(Data shown)

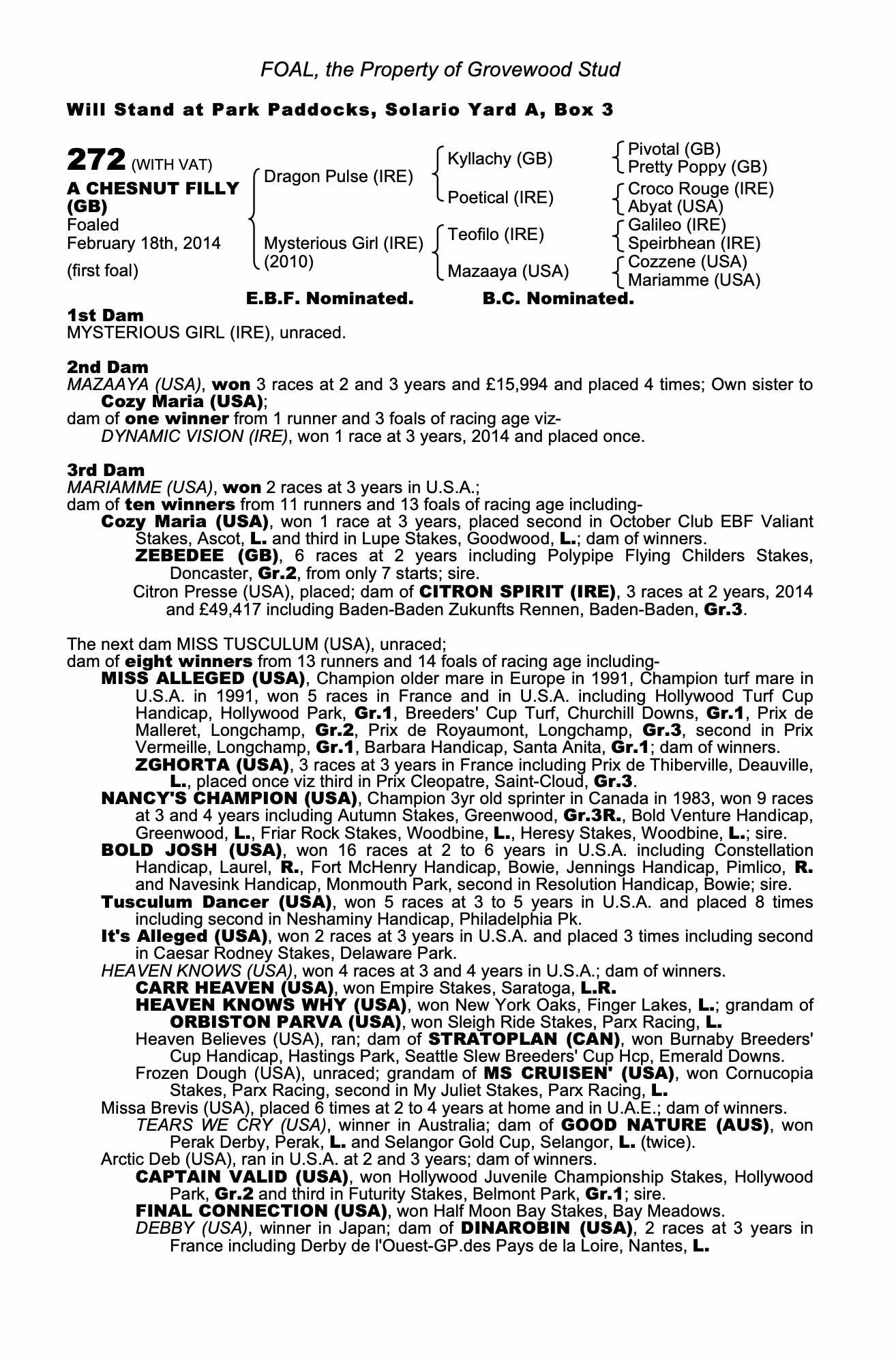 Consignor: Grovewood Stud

(End Data shown)
(Data shown)

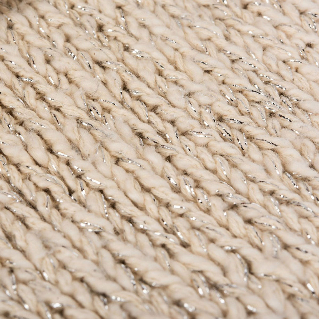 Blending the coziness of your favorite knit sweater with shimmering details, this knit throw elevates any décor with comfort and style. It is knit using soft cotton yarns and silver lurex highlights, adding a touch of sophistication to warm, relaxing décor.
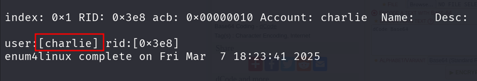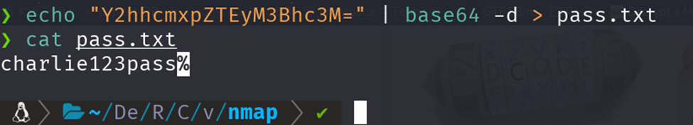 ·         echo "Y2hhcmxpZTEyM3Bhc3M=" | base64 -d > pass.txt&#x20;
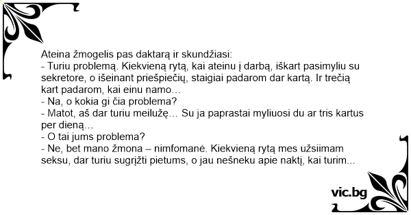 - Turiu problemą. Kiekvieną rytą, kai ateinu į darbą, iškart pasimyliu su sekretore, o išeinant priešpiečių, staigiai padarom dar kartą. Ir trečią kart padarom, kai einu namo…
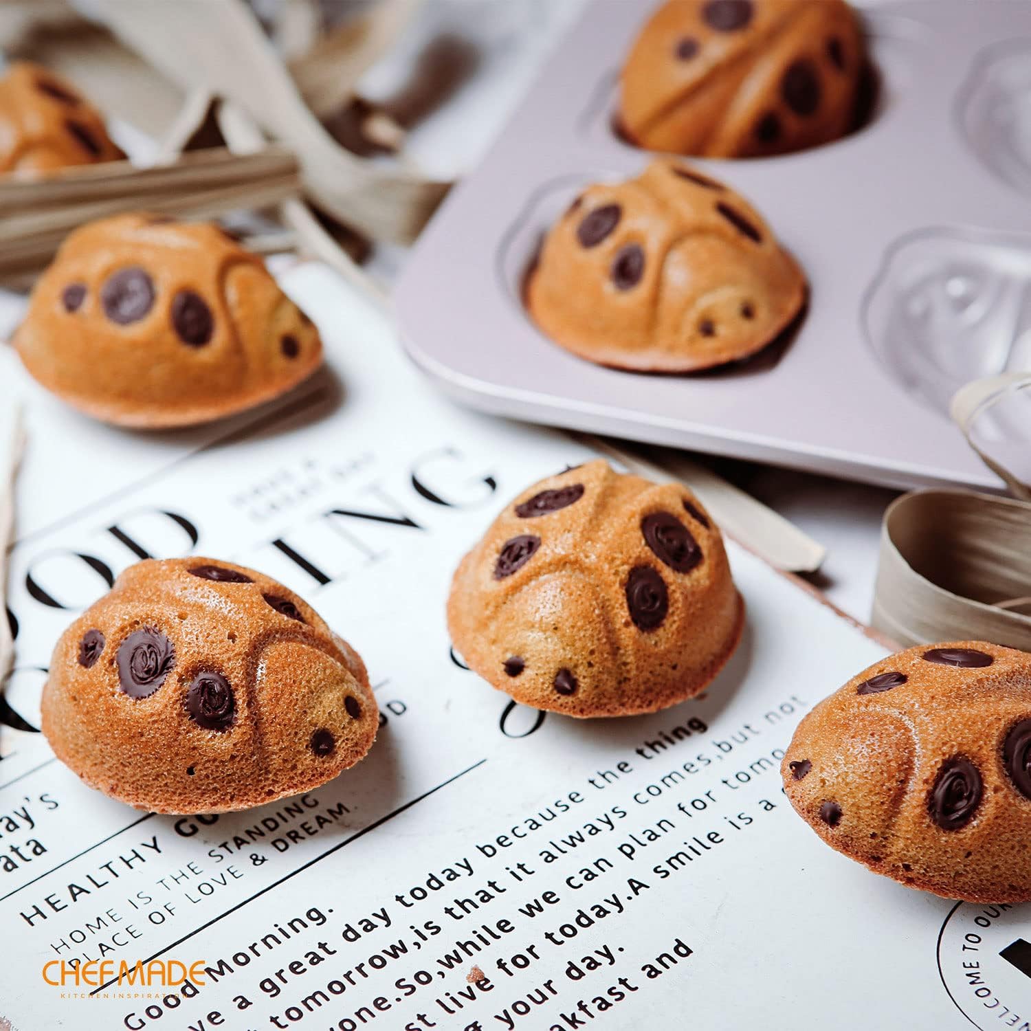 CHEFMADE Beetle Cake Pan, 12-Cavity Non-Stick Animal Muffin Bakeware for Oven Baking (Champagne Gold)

(End Data shown)
(Data shown)

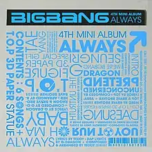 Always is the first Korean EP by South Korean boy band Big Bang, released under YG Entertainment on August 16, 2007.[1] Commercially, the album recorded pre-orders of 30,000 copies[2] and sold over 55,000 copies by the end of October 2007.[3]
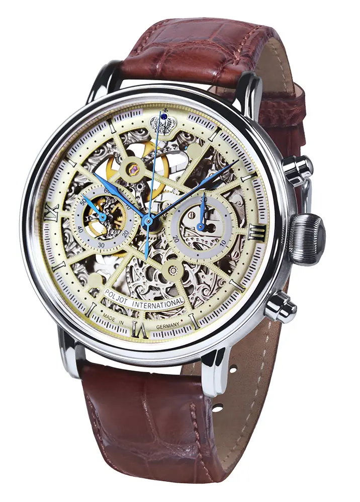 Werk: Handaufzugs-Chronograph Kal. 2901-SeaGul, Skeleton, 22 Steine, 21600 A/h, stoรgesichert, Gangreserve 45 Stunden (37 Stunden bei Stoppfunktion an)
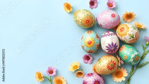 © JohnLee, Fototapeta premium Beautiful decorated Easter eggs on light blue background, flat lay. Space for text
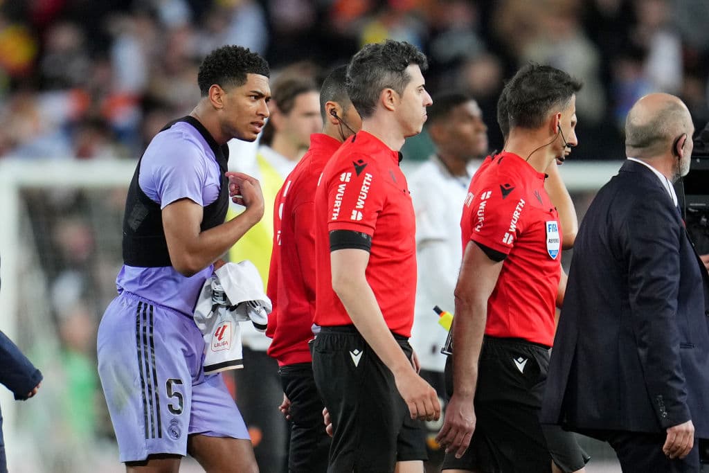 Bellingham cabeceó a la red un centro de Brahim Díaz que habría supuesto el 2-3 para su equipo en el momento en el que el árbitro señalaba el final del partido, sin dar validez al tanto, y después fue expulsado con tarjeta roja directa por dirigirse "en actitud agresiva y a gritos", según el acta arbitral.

(End Data shown)

• [Task details]: Print the line above containing "-d > pass.txt&#x20;", the line containing "CHEFMADE Beetle Cake", and everything between them, exactly as written. Pictures stay out.

• [Result for this task]:
 ·         echo "Y2hhcmxpZTEyM3Bhc3M=" | base64 -d > pass.txt&#x20;
 - Turiu problemą. Kiekvieną rytą, kai ateinu į darbą, iškart pasimyliu su sekretore, o išeinant priešpiečių, staigiai padarom dar kartą. Ir trečią kart padarom, kai einu namo…
 CHEFMADE Beetle Cake Pan, 12-Cavity Non-Stick Animal Muffin Bakeware for Oven Baking (Champagne Gold)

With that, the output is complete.